Re: [RFC PATCH 3/3] x86: Create dma_mark_dirty to dirty pages used for DMA by VM guest

From: Michael S. Tsirkin
Date: Mon Dec 14 2015 - 12:20:24 EST


On Mon, Dec 14, 2015 at 08:34:00AM -0800, Alexander Duyck wrote:
> > This way distro can use a guest agent to disable
> > dirtying until before migration starts.
>
> Right. For a v2 version I would definitely want to have some way to
> limit the scope of this. My main reason for putting this out here is
> to start altering the course of discussions since it seems like were
> weren't getting anywhere with the ixgbevf migration changes that were
> being proposed.

Absolutely, thanks for working on this.

> >> + unsigned long pg_addr, start;
> >> +
> >> + start = (unsigned long)addr;
> >> + pg_addr = PAGE_ALIGN(start + size);
> >> + start &= ~(sizeof(atomic_t) - 1);
> >> +
> >> + /* trigger a write fault on each page, excluding first page */
> >> + while ((pg_addr -= PAGE_SIZE) > start)
> >> + atomic_add(0, (atomic_t *)pg_addr);
> >> +
> >> + /* trigger a write fault on first word of DMA */
> >> + atomic_add(0, (atomic_t *)start);
> >
> > start might not be aligned correctly for a cast to atomic_t.
> > It's harmless to do this for any memory, so I think you should
> > just do this for 1st byte of all pages including the first one.
>
> You may not have noticed it but I actually aligned start in the line
> after pg_addr.

Yes you did. alignof would make it a bit more noticeable.

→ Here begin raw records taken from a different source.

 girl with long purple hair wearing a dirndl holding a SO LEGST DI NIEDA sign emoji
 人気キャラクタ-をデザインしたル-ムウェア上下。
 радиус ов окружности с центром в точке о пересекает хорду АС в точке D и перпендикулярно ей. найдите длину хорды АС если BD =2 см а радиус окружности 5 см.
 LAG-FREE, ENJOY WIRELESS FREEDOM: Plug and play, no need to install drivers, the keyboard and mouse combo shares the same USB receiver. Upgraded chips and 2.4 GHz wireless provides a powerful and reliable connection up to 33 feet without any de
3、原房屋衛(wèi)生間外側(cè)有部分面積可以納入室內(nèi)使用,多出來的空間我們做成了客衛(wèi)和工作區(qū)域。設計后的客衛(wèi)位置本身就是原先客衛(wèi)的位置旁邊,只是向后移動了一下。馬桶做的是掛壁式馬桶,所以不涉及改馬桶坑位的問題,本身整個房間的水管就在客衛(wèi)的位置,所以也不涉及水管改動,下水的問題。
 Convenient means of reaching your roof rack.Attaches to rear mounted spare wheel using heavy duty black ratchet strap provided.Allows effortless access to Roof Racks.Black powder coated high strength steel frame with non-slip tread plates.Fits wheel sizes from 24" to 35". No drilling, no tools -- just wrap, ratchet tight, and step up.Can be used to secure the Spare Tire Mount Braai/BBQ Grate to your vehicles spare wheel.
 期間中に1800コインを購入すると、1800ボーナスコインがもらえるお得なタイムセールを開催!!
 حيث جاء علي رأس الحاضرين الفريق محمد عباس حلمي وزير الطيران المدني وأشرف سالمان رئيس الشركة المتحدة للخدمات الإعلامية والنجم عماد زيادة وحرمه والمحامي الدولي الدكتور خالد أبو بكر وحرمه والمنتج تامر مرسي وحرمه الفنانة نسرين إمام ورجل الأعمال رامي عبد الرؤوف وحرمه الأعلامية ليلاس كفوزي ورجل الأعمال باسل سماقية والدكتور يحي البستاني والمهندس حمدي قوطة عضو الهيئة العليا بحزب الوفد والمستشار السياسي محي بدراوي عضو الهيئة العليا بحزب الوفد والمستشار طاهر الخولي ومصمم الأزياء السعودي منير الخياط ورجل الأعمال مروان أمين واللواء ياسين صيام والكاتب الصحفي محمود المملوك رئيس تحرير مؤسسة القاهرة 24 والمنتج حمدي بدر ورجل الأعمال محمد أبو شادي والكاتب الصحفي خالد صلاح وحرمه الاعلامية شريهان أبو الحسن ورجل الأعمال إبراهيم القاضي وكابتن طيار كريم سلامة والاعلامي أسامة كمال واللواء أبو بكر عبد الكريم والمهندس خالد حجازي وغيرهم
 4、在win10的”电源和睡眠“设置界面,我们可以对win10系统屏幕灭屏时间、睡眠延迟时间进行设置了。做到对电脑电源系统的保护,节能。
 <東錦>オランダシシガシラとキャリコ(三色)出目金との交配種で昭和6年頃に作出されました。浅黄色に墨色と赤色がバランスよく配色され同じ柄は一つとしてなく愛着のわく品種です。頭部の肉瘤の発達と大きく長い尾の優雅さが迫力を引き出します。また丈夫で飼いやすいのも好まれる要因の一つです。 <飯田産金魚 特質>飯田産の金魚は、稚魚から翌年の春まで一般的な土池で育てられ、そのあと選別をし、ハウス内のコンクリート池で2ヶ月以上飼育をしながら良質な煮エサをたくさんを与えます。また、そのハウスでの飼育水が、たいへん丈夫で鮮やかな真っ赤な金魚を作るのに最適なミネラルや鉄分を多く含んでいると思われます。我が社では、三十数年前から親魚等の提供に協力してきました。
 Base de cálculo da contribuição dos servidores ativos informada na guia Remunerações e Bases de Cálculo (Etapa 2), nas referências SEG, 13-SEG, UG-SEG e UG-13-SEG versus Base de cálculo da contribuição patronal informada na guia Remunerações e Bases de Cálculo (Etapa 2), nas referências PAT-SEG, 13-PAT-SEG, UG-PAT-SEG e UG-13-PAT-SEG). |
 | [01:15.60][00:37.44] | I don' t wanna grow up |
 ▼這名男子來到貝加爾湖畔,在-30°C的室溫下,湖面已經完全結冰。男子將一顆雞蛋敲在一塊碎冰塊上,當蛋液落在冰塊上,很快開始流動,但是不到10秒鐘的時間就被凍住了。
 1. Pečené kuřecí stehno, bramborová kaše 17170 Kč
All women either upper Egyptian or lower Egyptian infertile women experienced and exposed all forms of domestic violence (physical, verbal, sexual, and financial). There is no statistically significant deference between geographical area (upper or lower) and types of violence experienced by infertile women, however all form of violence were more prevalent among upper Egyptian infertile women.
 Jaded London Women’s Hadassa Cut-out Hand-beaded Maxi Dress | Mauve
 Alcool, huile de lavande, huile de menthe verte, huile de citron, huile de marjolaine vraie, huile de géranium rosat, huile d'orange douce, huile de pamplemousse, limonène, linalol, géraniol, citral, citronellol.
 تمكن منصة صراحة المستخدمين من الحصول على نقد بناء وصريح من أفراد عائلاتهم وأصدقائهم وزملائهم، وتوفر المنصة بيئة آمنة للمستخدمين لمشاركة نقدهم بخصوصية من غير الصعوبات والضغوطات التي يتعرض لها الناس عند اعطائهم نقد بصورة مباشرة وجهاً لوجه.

> However instead of aligning to the start of the next
> atomic_t I just masked off the lower bits so that we start at the
> DWORD that contains the first byte of the starting address. The
> assumption here is that I cannot trigger any sort of fault since if I
> have access to a given byte within a DWORD I will have access to the
> entire DWORD.

I'm curious where does this come from. Isn't it true that access is
controlled at page granularity normally, so you can touch beginning of
page just as well?

> I coded this up so that the spots where we touch the
> memory should match up with addresses provided by the hardware to
> perform the DMA over the PCI bus.

Yes but there's no requirement to do it like this from
virt POV. You just need to touch each page.

> Also I intentionally ran from highest address to lowest since that way
> we don't risk pushing the first cache line of the DMA buffer out of
> the L1 cache due to the PAGE_SIZE stride.
>
> - Alex

Interesting. How does order of access help with this?

By the way, if you are into these micro-optimizations you might want to
limit prefetch, to this end you want to access the last line of the
page. And it's probably worth benchmarking a bit and not doing it all just
based on theory, keep code simple in v1 otherwise.